Dataset records
++++++++

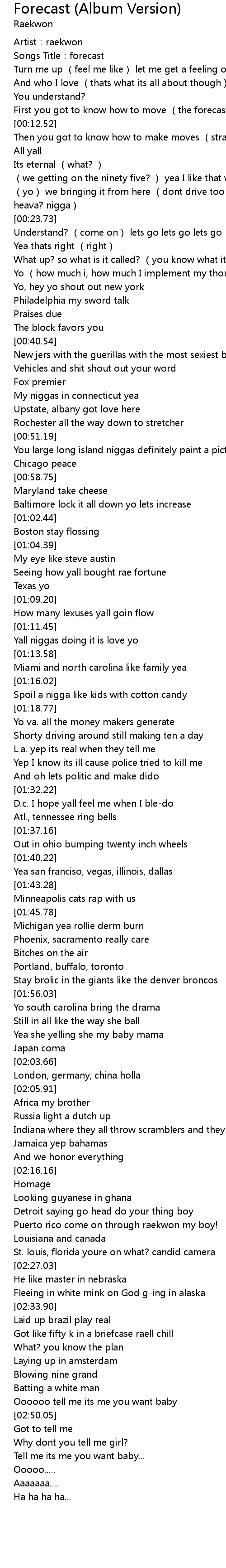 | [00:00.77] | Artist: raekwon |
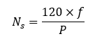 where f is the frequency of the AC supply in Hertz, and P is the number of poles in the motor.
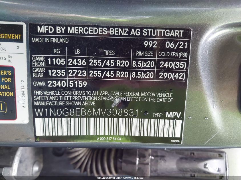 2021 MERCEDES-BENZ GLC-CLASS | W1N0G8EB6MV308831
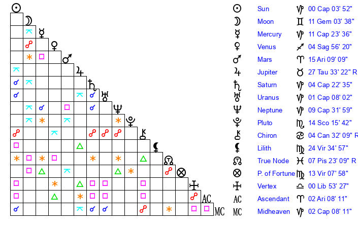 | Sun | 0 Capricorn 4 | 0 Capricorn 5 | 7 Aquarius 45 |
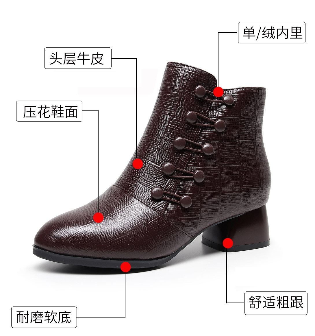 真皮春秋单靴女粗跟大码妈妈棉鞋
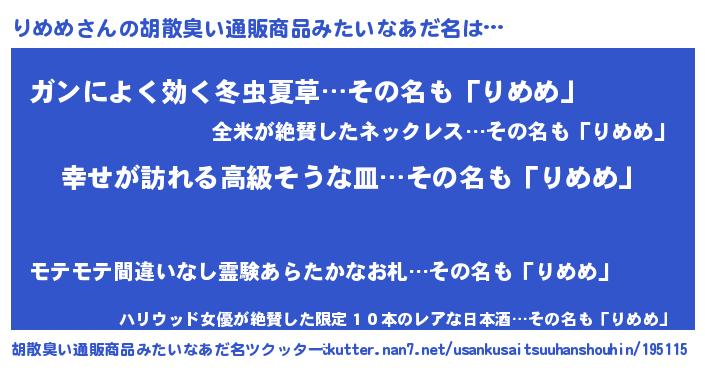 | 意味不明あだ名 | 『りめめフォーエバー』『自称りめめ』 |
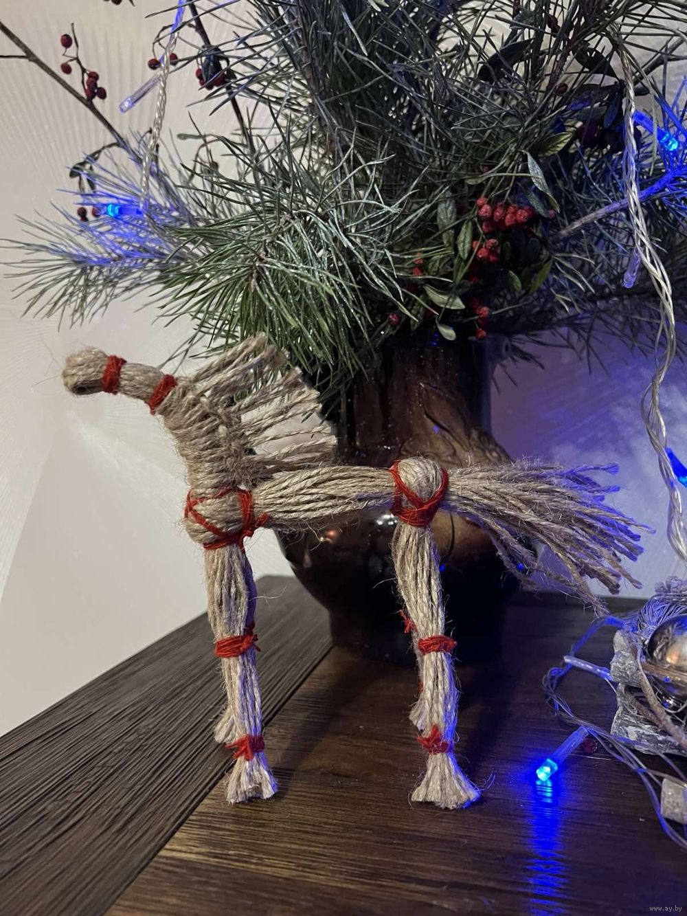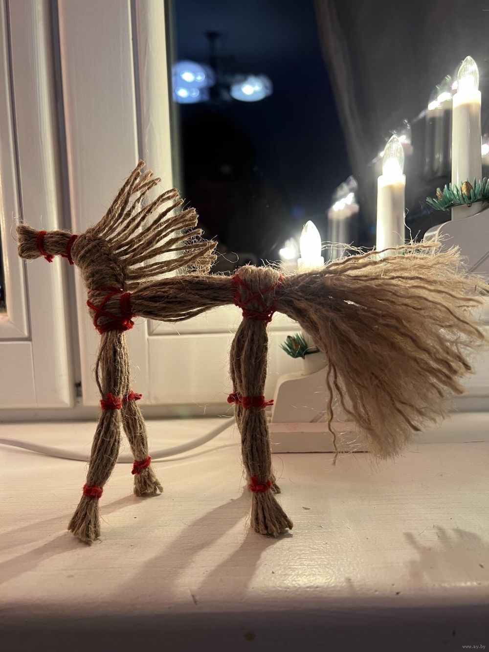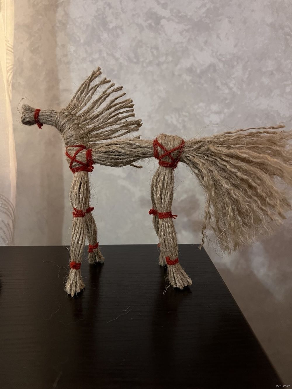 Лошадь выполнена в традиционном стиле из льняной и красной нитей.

++++++++

## Task instructions
Retype, word for word, the lines from the one with "Aquarius 45 |" through the last line of the entries above, and only those lines. Leave pictures out.

## Written response
 | Sun | 0 Capricorn 4 | 0 Capricorn 5 | 7 Aquarius 45 |
 真皮春秋单靴女粗跟大码妈妈棉鞋
 | 意味不明あだ名 | 『りめめフォーエバー』『自称りめめ』 |
 Лошадь выполнена в традиционном стиле из льняной и красной нитей.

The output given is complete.